A complete lack of resources or mainstream media attention meant that any traction for RISE would be remarkable thing but given the membership of the Scottish Socialist Party (who achieved a similar result in 2011) and the momentum provided by the Radical Independence Campaign and Cat Boyd’s relatively high profile column in the National and as part of the pro-independence twittersphere, ambitions were high.

However in context of only adding less than 0.1% on the SSPs 2011 performance for a total of 0.5% vote share & 10,000 votes is a disappointing return, especially given that ‘Scotland’s Left Alliance’ didn’t have to compete with Socialist Labour or Respect this time around. Worst of all, they came behind Solidarity.

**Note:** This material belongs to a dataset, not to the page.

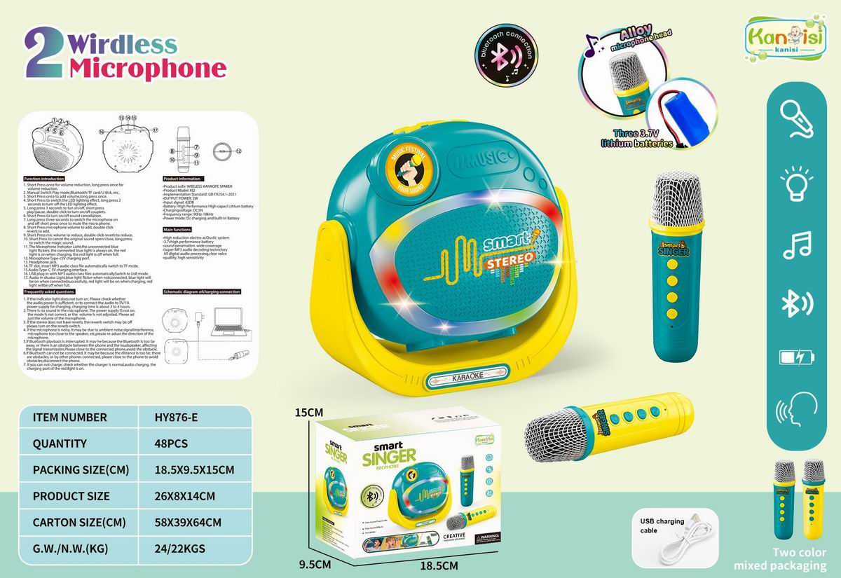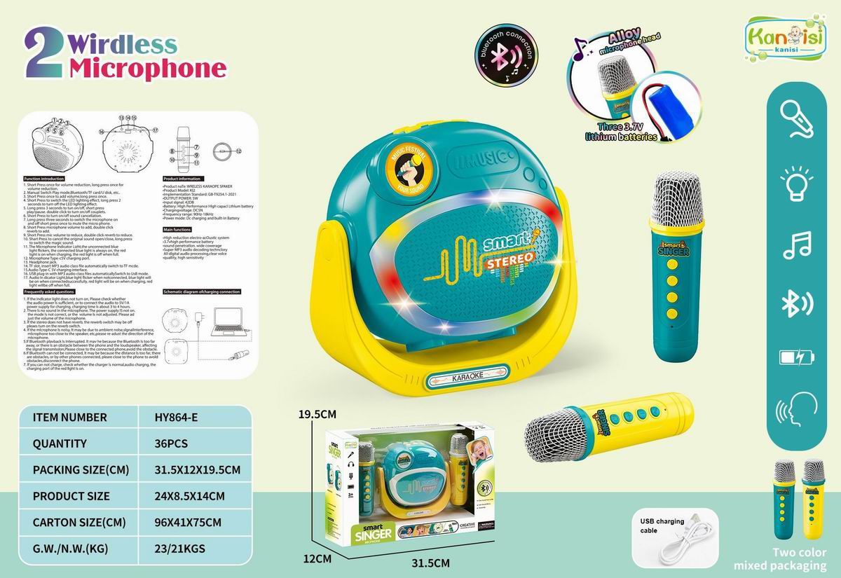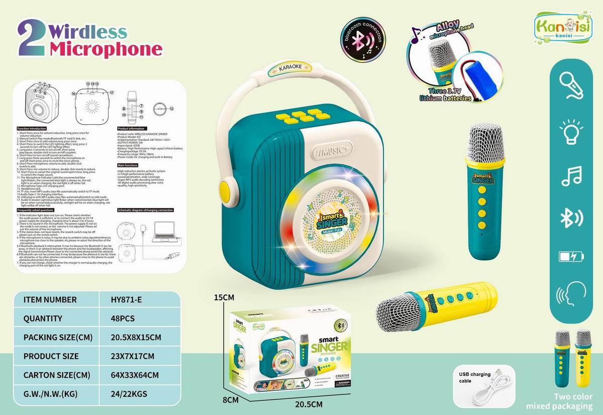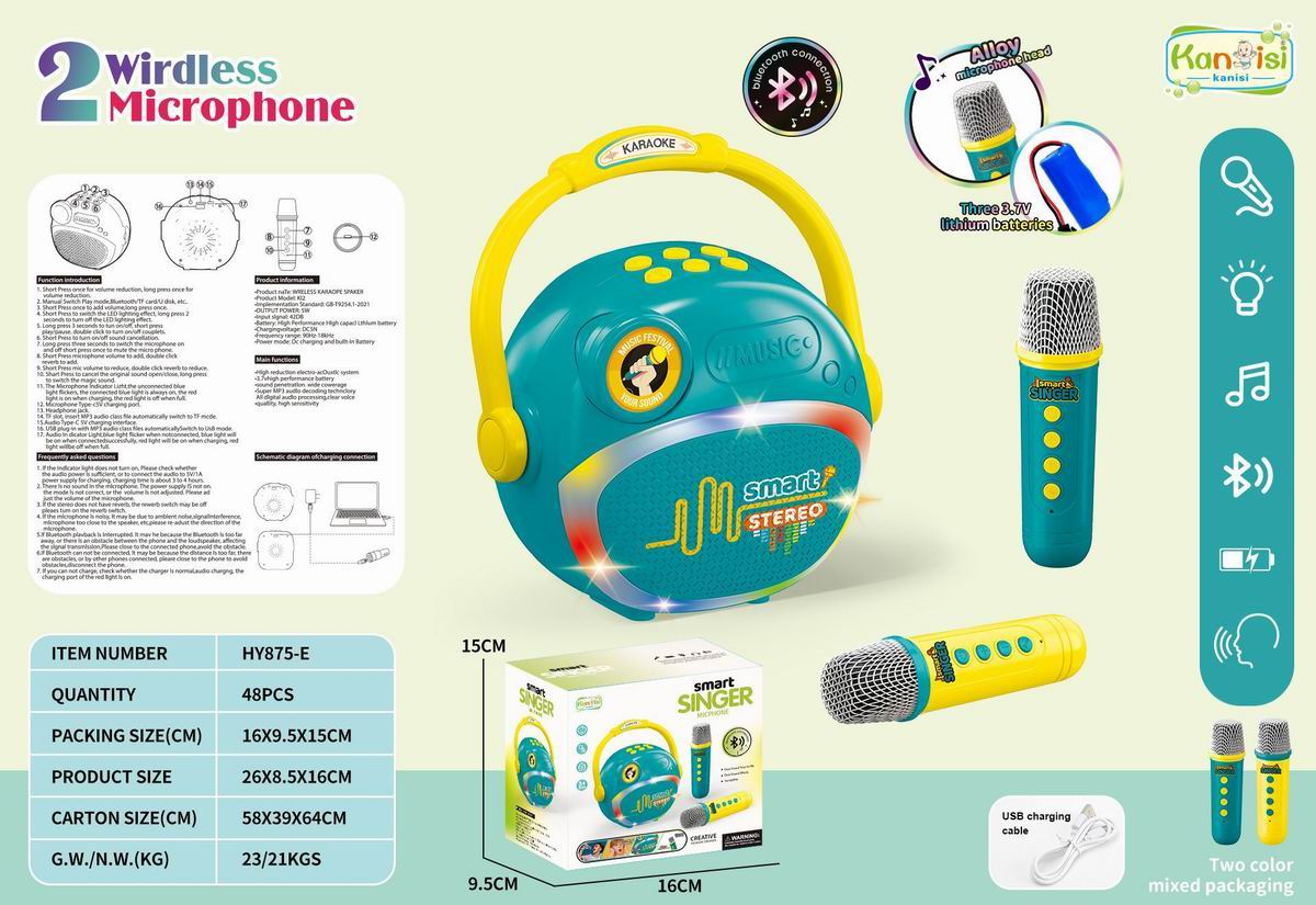 蓝牙无线灯光音乐双话筒麦克风音响

That’s got to sting.

That said, their campaign was innovative – attempting make up in stunts what it lacked in numbers, profile or touring promotional machine and while the stylistic choices weren’t to everyone’s tastes, they were distinctive, bold and ambitious – if largely invisible to the bulk of the electorate.

If RISE can stay together and develop their young batch of activists and candidates, five years to recruit and blood activists in local authority and European election campaigns could see them actually have a shot at getting someone like Cat Boyd elected in 2021 – which would be a good thing for Scottish politics as a whole.

IF they can stay together, which the volatile history of Scotland’s hard left tells us is no mean feat.


This is a strange election, with the independence referendum casting a long shadow, best seen in the seeming polarisation of the parliament between the SNP and Conservatives, with Labour reduced to third place in a Scottish election for the first time since 1910.

Nonetheless, it has returned a more interesting, representative parliament with the SNP losing their majority but still being by far the largest party, the Greens and Liberal Democrats looking to leverage their potential to win the minority administration key votes and an implacable Conservative opposition.

Labour, no longer the largest opposition party and anathema to the SNP so unlikely to parlay their bloc of seats into influence, find themselves strangely irrelevant and searching for identity and purpose.